- **Assignment**:
Transcribe every line below exactly; no image goes into the output.

- **Supplied material**:
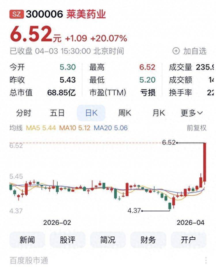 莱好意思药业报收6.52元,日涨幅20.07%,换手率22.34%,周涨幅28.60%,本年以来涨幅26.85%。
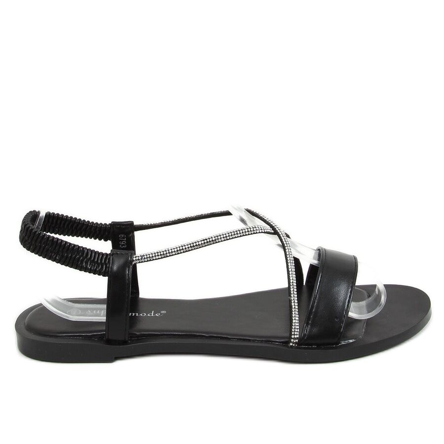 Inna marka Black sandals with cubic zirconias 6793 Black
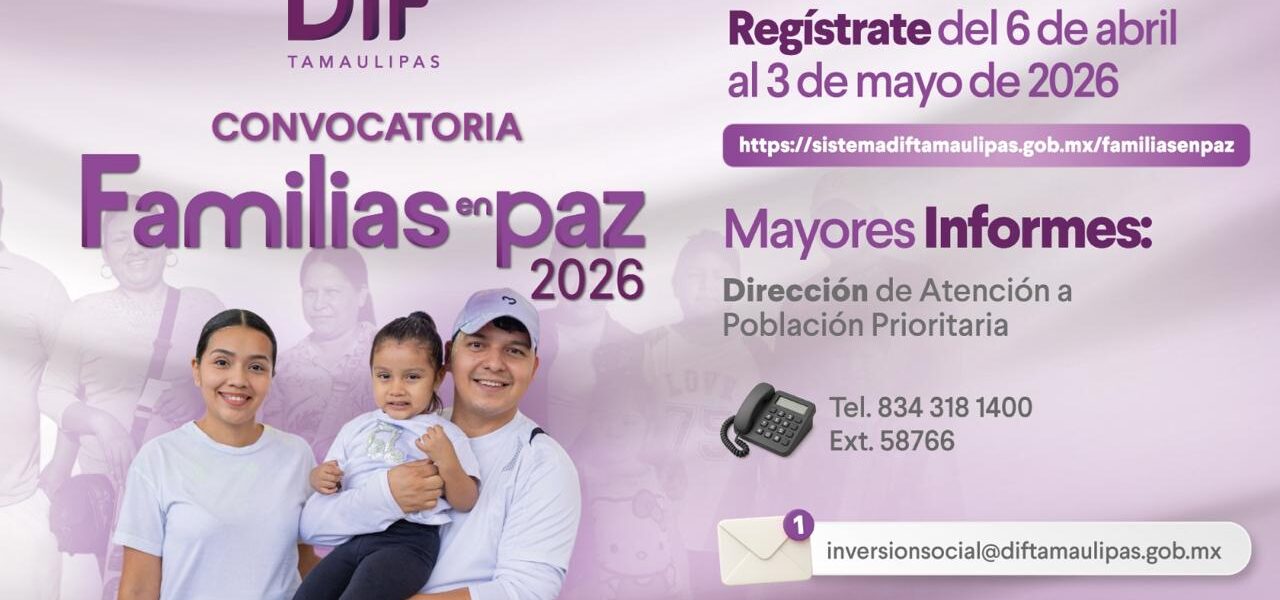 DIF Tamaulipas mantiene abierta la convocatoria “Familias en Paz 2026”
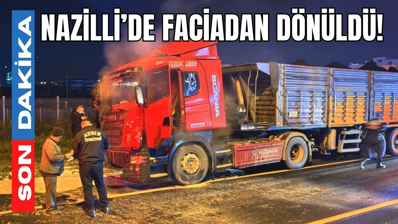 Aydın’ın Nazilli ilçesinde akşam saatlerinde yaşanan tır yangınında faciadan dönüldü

- **Output for this task**:
 莱好意思药业报收6.52元,日涨幅20.07%,换手率22.34%,周涨幅28.60%,本年以来涨幅26.85%。
 Inna marka Black sandals with cubic zirconias 6793 Black
 DIF Tamaulipas mantiene abierta la convocatoria “Familias en Paz 2026”
 Aydın’ın Nazilli ilçesinde akşam saatlerinde yaşanan tır yangınında faciadan dönüldü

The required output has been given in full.